Anthony DeCurtis (L) and Lou Reed participate in a hosted conversation at Kelly Writers House.

In Lou Reed: A Life, Anthony DeCurtis, a distinguished lecturer in creative writing at Penn and a Rolling Stone contributing editor, delves into the life and work of an iconic, famously irascible music legend. A friend of Reed, DeCurtis holds the unusual distinction of being a journalist and critic Reed liked and respected.  

You’ve said the book may not present Reed the way he wanted to see himself, but it is the book Reed deserves. How did he want to see himself and what kind of book does he deserve?

I think Lou was very interested in control, and once he got clean and sober this desire for control intensified. He would have liked a book that focused exclusively on his music but didn’t go near the parts of his past that he looked back on with a certain degree of embarrassment—the drugs and violence, some aspects of his sexual life. Later in his life, Lou never talked about that stuff in public or private, and I think he associated the behavior with being out of control.

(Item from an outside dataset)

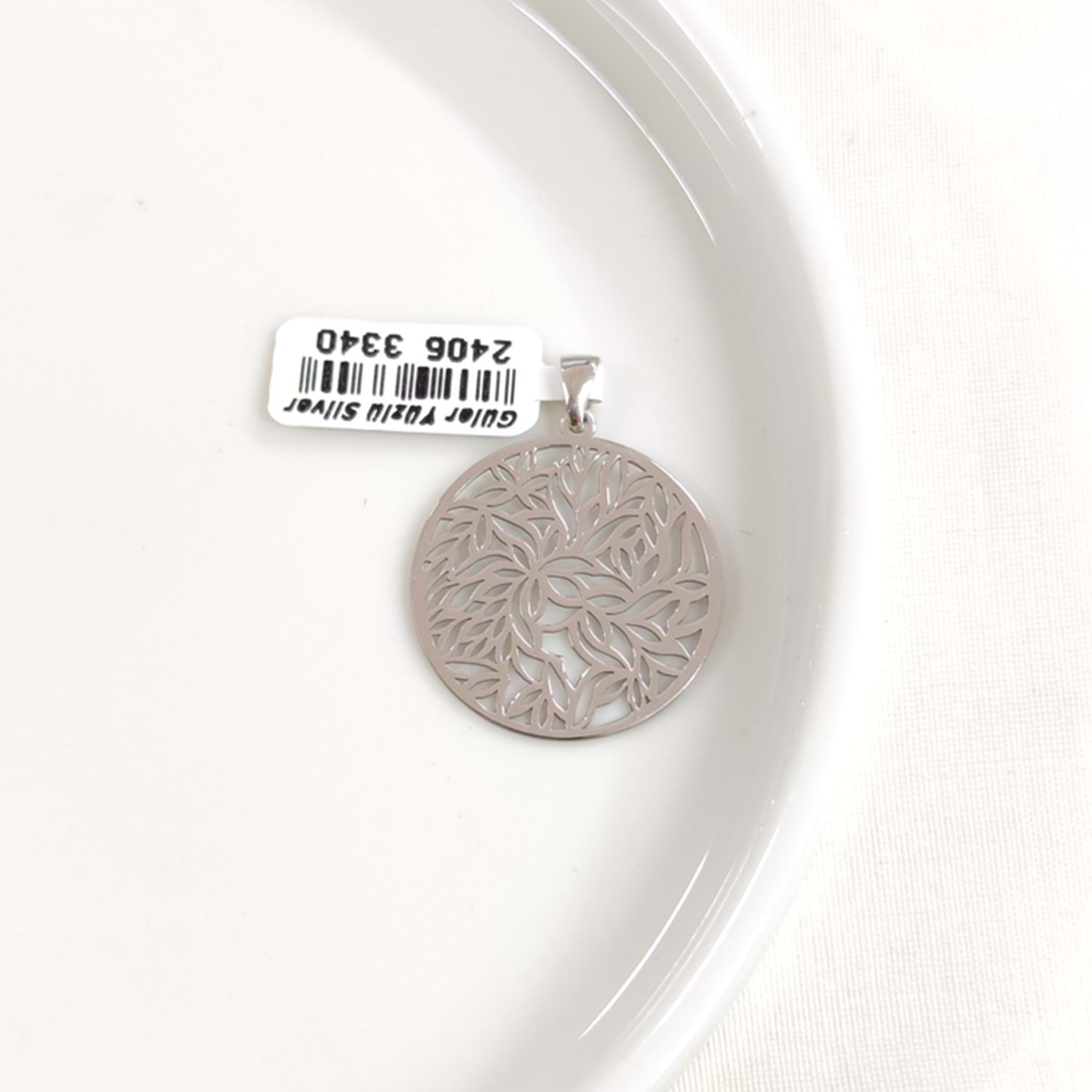 YAPRAK MOTİFLİ PLAKA GÜMÜŞ KOLYE UCU 25MM

I believe the book he deserves establishes Lou’s significance as an artist and takes seriously the degree to which his work drew upon his life. Lou ultimately thought of himself as a writer. Biographies of great writers like Lord Byron or Edgar Allan Poe or Lou’s professor and mentor Delmore Schwartz don’t shy away from the messier aspects of their subject’s lives. Instead, they explore how their lives informed their work.   

Reed notoriously disliked the media, yet you and he were friends. Why do you think you were able to connect? And how were you able to balance being a friend and journalist while writing the book?

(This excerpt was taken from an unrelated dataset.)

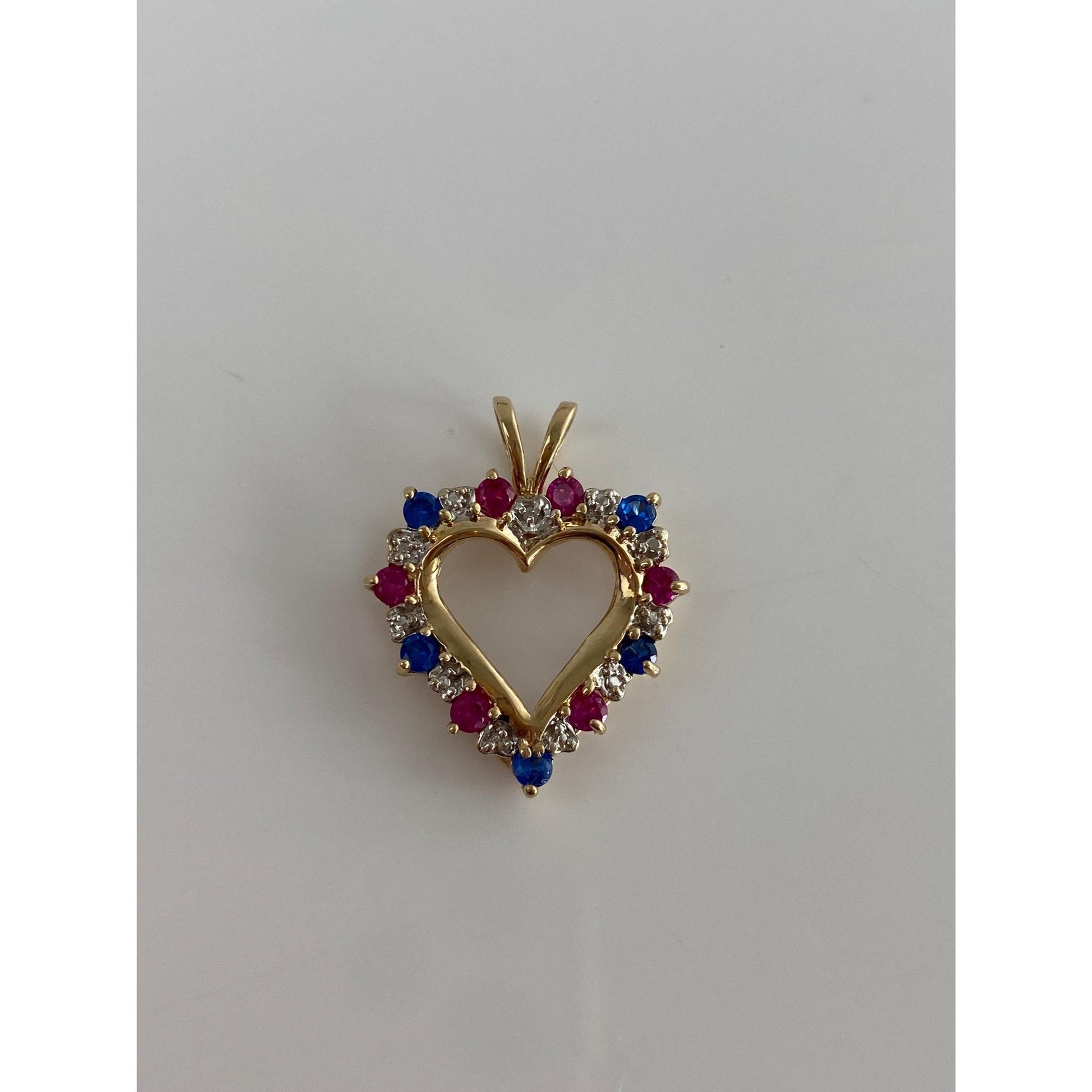 Vintage Solid 14k White & Yellow Gold Diamond Pink and Blue Spinel Heart Charm

I’m a New Yorker, and Lou and I shared the patois of people from New York. I wasn’t learning about “outsiders” from Lou; I knew the worlds he was interested in. For example, if Lou wrote about hustlers on the docks, I lived five blocks from the docks. I got it. I saw it. This made it easy for us to get along. I also think he was impressed that I have a Ph.D. in literature—we could talk about William Burroughs or Delmore Schwartz or Allen Ginsberg. He would never have admitted it, but I do think he respected my degree.

As I approached the book, maintaining distance was part of writing a biography Lou deserved. He deserved to be seen as he was. And I feel that knowing Lou as I did gave me a unique insight. I was able to measure what people said about him against my own experiences, which brought a depth to the work.

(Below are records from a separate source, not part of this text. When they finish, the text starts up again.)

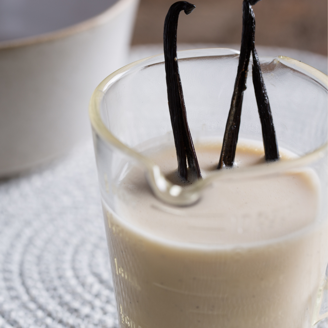 - Calienta la leche y mezcla con la vainilla y el endulzante.
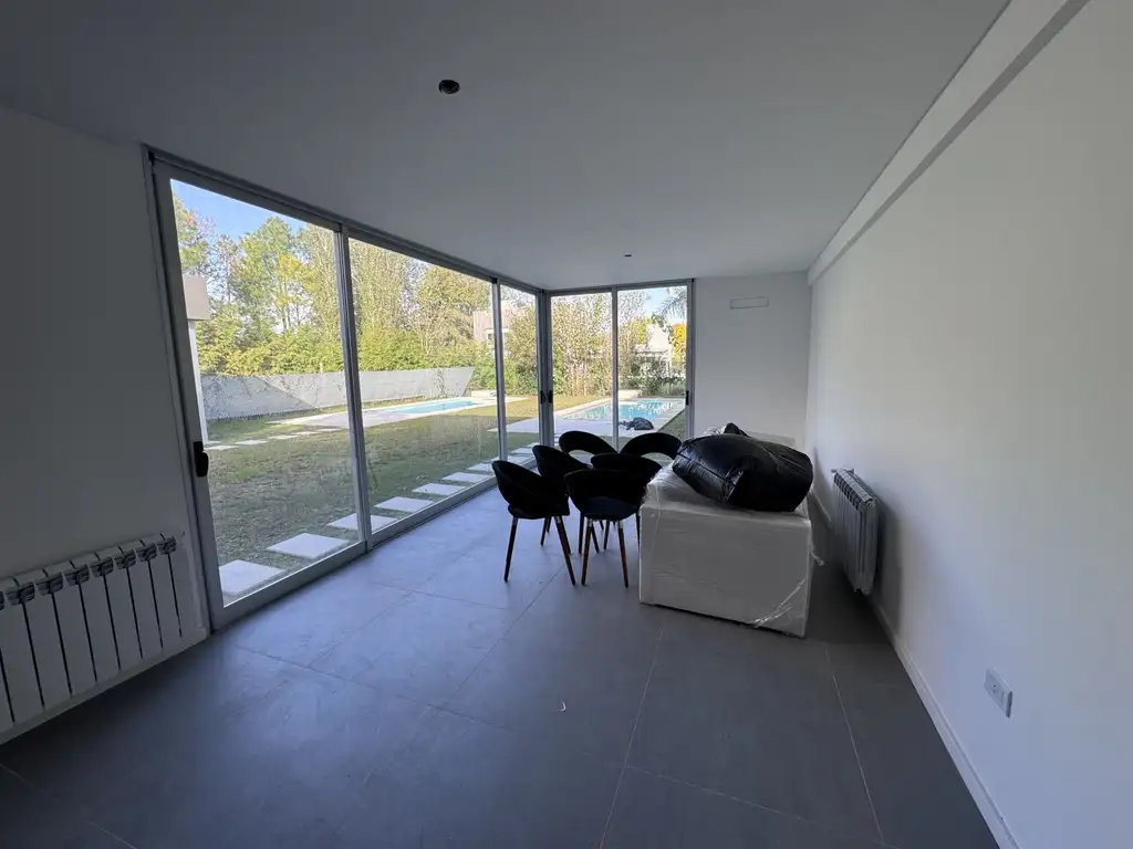 En PB, cocheras, parrillero con frente acero inoxidable, bacha, pileta de 2,8 mts x 8,50 m2, con bomba de filtrado. Ingreso a la casa, toilette, lavadero independiente, sector exterior para guardados y caldera dual, cocina con isla equipada con anafe, horno y extractor. Muebles alacena y bajo mesadas.. sector estar comedor con grandes puertas ventanas al jardín..
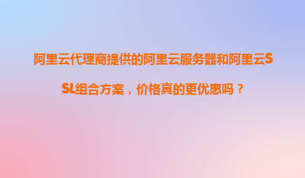 阿里云代理商提供的阿里云服务器和阿里云SSL组合方案,价格真的更优惠吗?
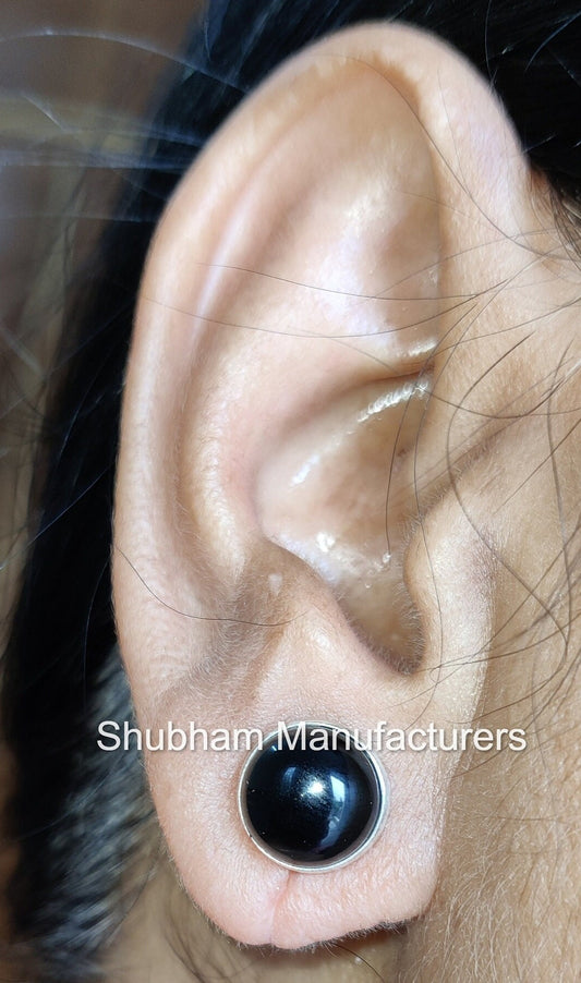 Natural Black Onyx Studs Earrings, 925 Sterling Silver Studs, Black Studs Everyday Earring, Onyx Jewelry, Cabochon Stone Stud, Unisex Studs
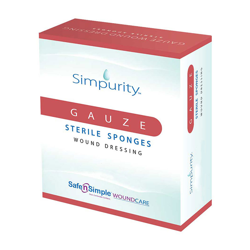 Safe N Simple Simpurity Bordered Gauze Sponges are ideal for general wound cleansing, debriding, minor prepping, covering and packing wounds. It is a non-adherent island dressing with an adhesive border. It absorbs exudate for a cleaner wound bed and the adhesive border protects the wound from outside contaminants.
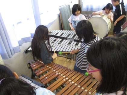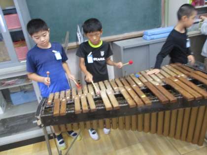 音楽室で、いろいろな打楽器の音をたしかめそれぞれの特徴を活かした音楽をグループで作っています。
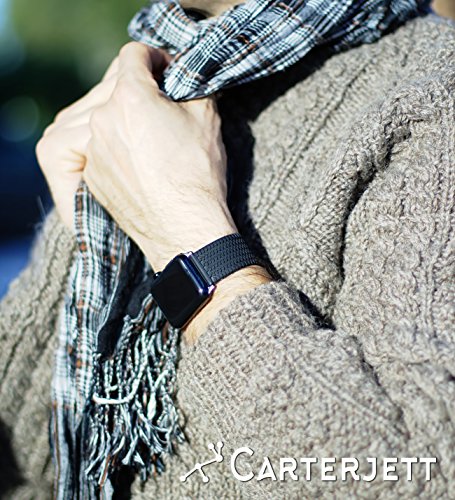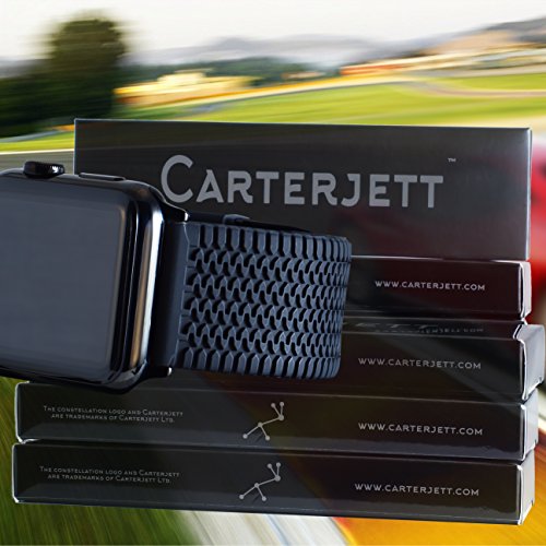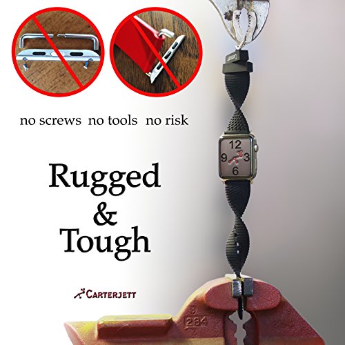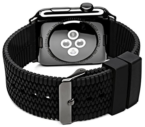 Apple Watch Band 42mm TIRE TREAD Sport Silicone iWatch Band / Rugged Black Rubber Straps with Space Black Adapters for Apple Watch Series 2, Series 1, Sport & Edition by CARTERJETT (S/M)

While writing, I also considered the book’s readers. Anyone picking up a Lou Reed biography already cares about him and his music. They too deserve the book that he deserves.

In many ways, Lou was a model for me. He treated his characters with distance and empathy. He didn’t judge them but left readers to draw their own conclusions. I applied that ethic to the book.

A lot has been written about Reed. And you knew him for a long time. What surprised you?

There were a lot of surprises. Two of the biggest involve Lou’s father, Sidney or Sid, and Rachel, Lou’s transgender lover.

Lou always spoke about his father as a kind of monster. Sid was a very conventional guy. He would have been happiest if he had a son who took over his accounting business, but he was nothing like the tyrant Lou portrayed him to be.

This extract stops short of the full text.